Desjardins Group reported a $519 million surplus to members’ earnings before dividends in the first quarter of 2022, down 34% compared to the corresponding period last year.
The cooperative indicated in a press release today, Thursday, that this decline is “mainly attributed to the large sums invested in strategic projects, especially in terms of digital transformation and security, as well as the increase in claims related to the insurance sector.” However, it was mitigated by an increase in net interest income and other operating income.
However, for the quarter ended March 31, 2022, Desjardins also reported operating income of 5.6% higher than the same period last year. The provision for favoritism was $102 million, an increase of $12 million over the first quarter of 2021.
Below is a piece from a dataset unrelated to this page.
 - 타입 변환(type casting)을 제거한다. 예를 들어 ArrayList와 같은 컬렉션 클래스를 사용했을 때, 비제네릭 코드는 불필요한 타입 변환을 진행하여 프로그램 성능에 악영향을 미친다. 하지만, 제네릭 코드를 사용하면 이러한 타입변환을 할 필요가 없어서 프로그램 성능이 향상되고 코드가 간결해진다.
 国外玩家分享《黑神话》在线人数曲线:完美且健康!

“These results and the financial strength of the Desjardins Group allow us to invest more in tangible solutions for our members and customers, particularly in technology and sustainable development,” said Desjardins Group President and CEO, Guy Cormier.
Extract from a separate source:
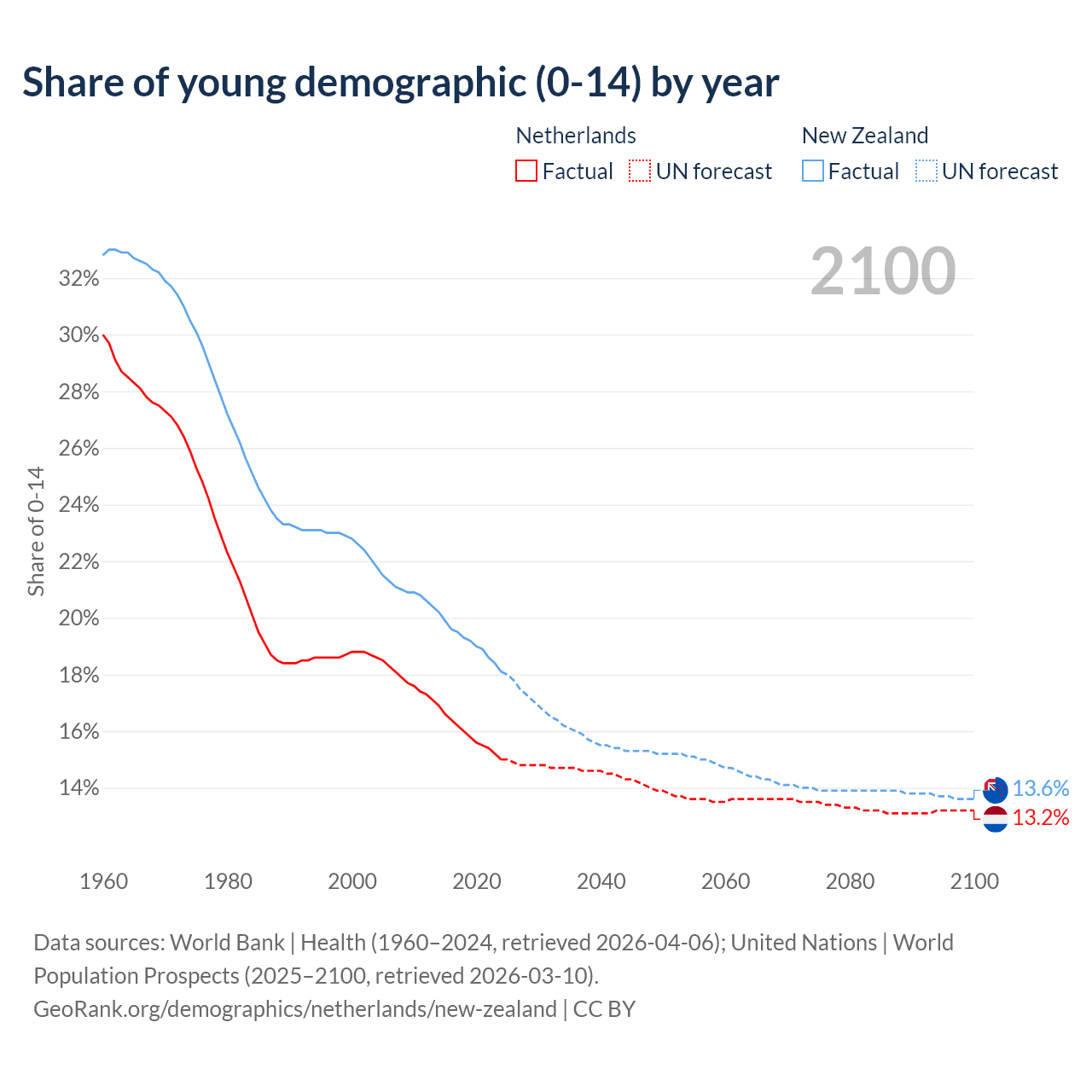 - The share of young demographic (0-15 years old) in the Netherlands is 15% vs 18.1% in New Zealand.

“We continue to innovate with the addition of electric stations and bike repairs [grâce au Fonds du Grand Mouvement] in our network of bags as well as by implementing incentive measures to facilitate the use of energy-efficient cars by our employees.”
As of December 31, 2021, 302 electrical stations have been installed, 279 of which are publicly available. By 2025, Desjardins would like to have 500 charging stations on its network in Quebec and eastern Ontario.